16) 2 solutions, a 0.1% (m/v) albumin solution (compartment A) and a 2% (m/v) albumin solution (compartment B), are separated by a semi-permeable membrane. (Albumins are colloidal proteins).
a) Which compartment will have the higher osmotic pressure?Answer:
b) Which compartment will lose water?
c) If some NaCl is added to compartment A, will the sodium and chloride ions stay in compartment A, or will some cross the membrane to compartment B?
a) compartment B due to the higher albumin concentration in B.

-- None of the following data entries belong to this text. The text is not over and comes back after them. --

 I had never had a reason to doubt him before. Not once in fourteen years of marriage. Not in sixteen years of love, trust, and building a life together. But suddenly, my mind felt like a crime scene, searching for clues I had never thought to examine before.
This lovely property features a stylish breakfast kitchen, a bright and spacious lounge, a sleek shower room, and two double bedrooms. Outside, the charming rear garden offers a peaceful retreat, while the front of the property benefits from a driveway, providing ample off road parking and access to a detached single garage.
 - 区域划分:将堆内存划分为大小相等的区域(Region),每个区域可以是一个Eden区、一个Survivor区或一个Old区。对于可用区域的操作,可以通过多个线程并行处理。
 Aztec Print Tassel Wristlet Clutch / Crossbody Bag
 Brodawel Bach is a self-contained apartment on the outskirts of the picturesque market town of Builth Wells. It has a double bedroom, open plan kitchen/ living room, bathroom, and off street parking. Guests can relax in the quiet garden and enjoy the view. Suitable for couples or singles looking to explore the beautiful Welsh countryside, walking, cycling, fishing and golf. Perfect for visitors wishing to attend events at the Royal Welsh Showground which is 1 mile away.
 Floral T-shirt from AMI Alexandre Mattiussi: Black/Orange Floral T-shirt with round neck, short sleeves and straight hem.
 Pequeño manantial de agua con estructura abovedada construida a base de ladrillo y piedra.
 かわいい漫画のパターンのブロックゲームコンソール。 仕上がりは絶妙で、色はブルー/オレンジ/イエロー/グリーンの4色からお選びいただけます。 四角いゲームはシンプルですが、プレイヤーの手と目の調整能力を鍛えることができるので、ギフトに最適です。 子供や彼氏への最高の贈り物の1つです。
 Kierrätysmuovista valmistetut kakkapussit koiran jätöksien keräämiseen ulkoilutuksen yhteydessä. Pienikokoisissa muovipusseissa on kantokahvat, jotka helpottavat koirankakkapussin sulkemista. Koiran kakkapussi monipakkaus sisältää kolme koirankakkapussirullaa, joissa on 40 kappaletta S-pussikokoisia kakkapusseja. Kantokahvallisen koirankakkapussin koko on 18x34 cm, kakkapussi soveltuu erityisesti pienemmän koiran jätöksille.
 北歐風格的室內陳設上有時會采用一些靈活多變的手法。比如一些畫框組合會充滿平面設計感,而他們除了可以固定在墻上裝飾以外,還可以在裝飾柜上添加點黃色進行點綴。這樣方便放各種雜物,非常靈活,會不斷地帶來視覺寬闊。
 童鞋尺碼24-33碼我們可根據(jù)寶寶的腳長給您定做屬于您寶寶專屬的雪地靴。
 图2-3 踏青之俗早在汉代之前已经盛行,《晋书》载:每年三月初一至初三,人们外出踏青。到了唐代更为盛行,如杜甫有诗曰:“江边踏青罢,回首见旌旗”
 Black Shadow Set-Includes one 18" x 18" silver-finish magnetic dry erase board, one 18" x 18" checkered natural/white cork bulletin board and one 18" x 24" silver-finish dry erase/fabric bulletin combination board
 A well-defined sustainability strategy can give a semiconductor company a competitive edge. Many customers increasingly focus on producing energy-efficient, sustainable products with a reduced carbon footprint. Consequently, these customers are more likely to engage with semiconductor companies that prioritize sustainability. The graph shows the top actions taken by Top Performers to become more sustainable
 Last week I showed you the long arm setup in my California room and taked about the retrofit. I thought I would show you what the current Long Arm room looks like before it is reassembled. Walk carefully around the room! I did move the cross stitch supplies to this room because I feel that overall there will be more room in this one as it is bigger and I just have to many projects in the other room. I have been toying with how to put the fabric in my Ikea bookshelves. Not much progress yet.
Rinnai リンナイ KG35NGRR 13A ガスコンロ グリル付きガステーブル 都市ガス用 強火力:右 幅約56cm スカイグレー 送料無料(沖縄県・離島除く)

b) compartment A. Since it has the lower albumin concentration, it has the higher water "concentration."
c) As long as the membrane isn't selective against Na+ and Cl¯ ions, then they will flow to B so they attain equilibrium. Why can the Na+ and Cl¯ flow through the membrane but not albumin? Albumin is much lager than the NaCl ions. That's why in part B, compartment A loses water to compartment B instead of compartment B losing albumin to compartment A.